§ YOUR ASSIGNMENT
The answer is the exact run of lines in the listing below from the line containing "نقدم لكم فستان" up to and including the line containing "Mysterious Figure Emerging", with pictures removed.

§ PROVIDED MATERIAL

-----

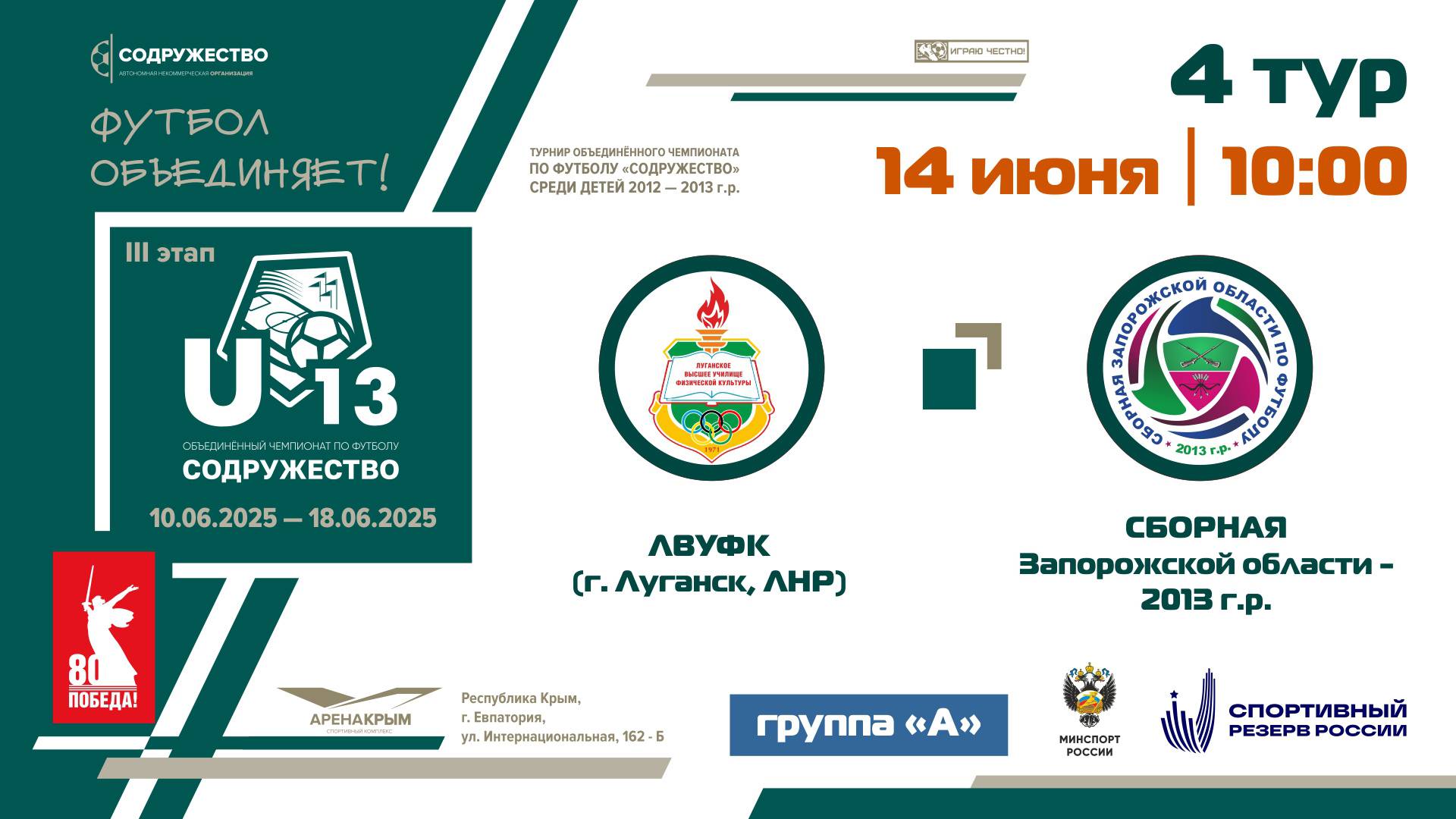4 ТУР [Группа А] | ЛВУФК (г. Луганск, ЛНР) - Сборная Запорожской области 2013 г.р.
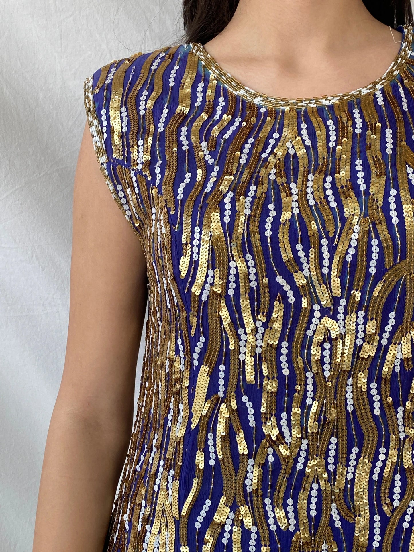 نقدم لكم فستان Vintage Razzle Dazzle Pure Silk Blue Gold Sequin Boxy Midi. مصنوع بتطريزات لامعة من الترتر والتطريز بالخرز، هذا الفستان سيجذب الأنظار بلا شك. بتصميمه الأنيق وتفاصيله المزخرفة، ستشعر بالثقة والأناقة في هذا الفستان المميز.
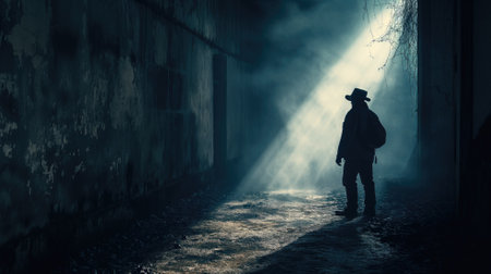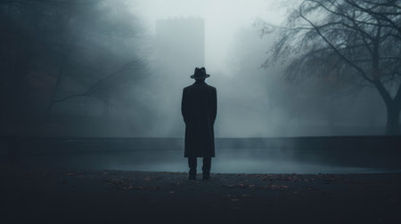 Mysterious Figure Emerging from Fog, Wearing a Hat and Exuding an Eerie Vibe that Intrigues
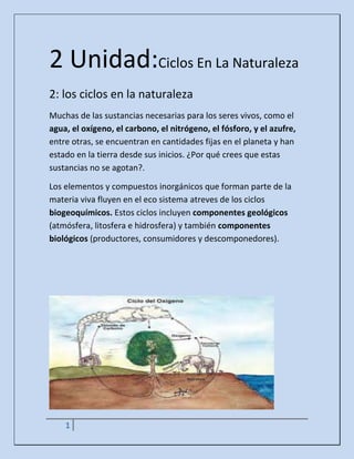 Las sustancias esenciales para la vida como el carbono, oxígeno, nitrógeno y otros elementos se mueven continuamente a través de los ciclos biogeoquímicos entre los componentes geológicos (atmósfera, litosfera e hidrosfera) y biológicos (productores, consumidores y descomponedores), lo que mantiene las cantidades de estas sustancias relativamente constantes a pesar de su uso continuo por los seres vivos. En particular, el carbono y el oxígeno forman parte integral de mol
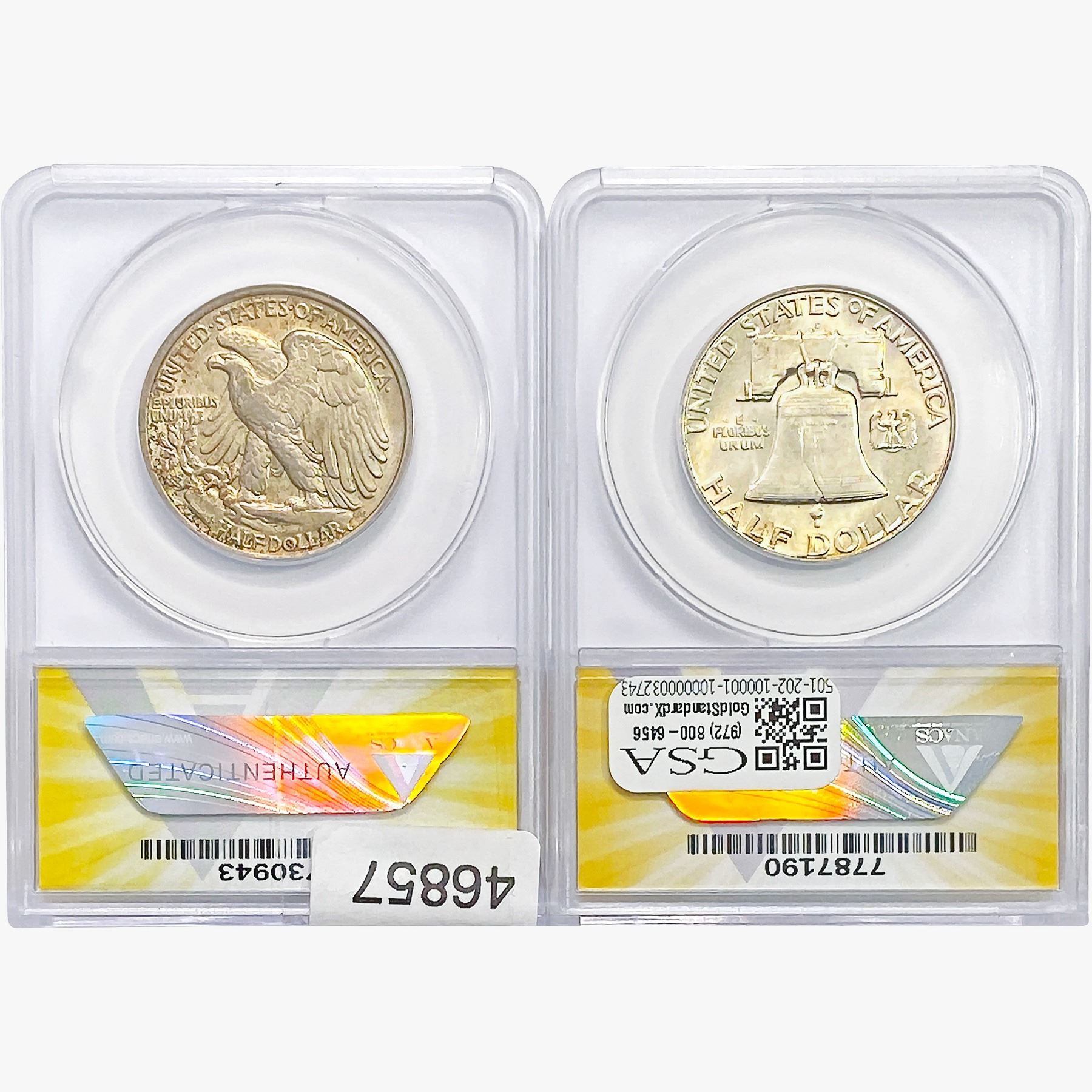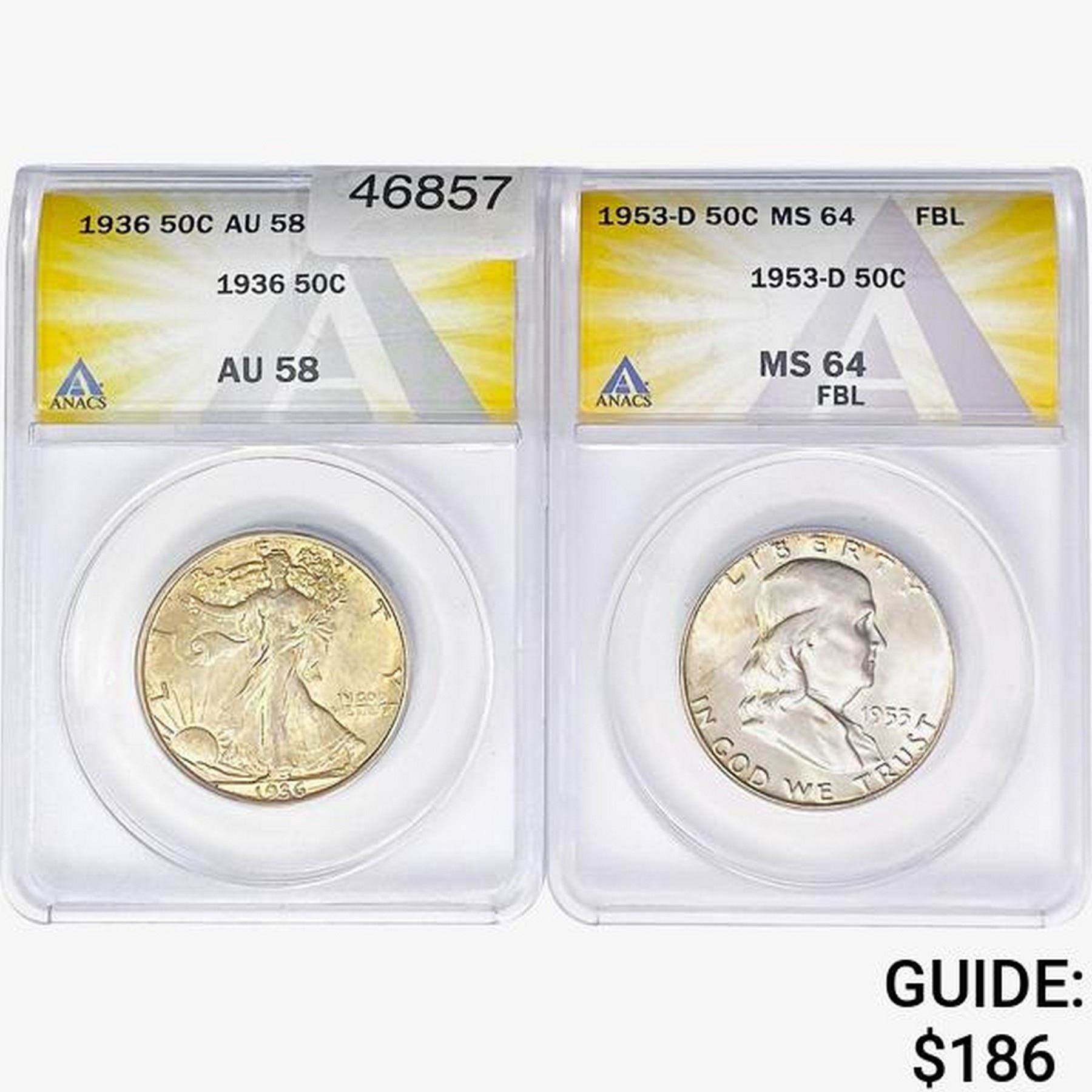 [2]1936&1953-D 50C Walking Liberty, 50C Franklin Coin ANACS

-----

§ ANSWER BELOW
 نقدم لكم فستان Vintage Razzle Dazzle Pure Silk Blue Gold Sequin Boxy Midi. مصنوع بتطريزات لامعة من الترتر والتطريز بالخرز، هذا الفستان سيجذب الأنظار بلا شك. بتصميمه الأنيق وتفاصيله المزخرفة، ستشعر بالثقة والأناقة في هذا الفستان المميز.
 Mysterious Figure Emerging from Fog, Wearing a Hat and Exuding an Eerie Vibe that Intrigues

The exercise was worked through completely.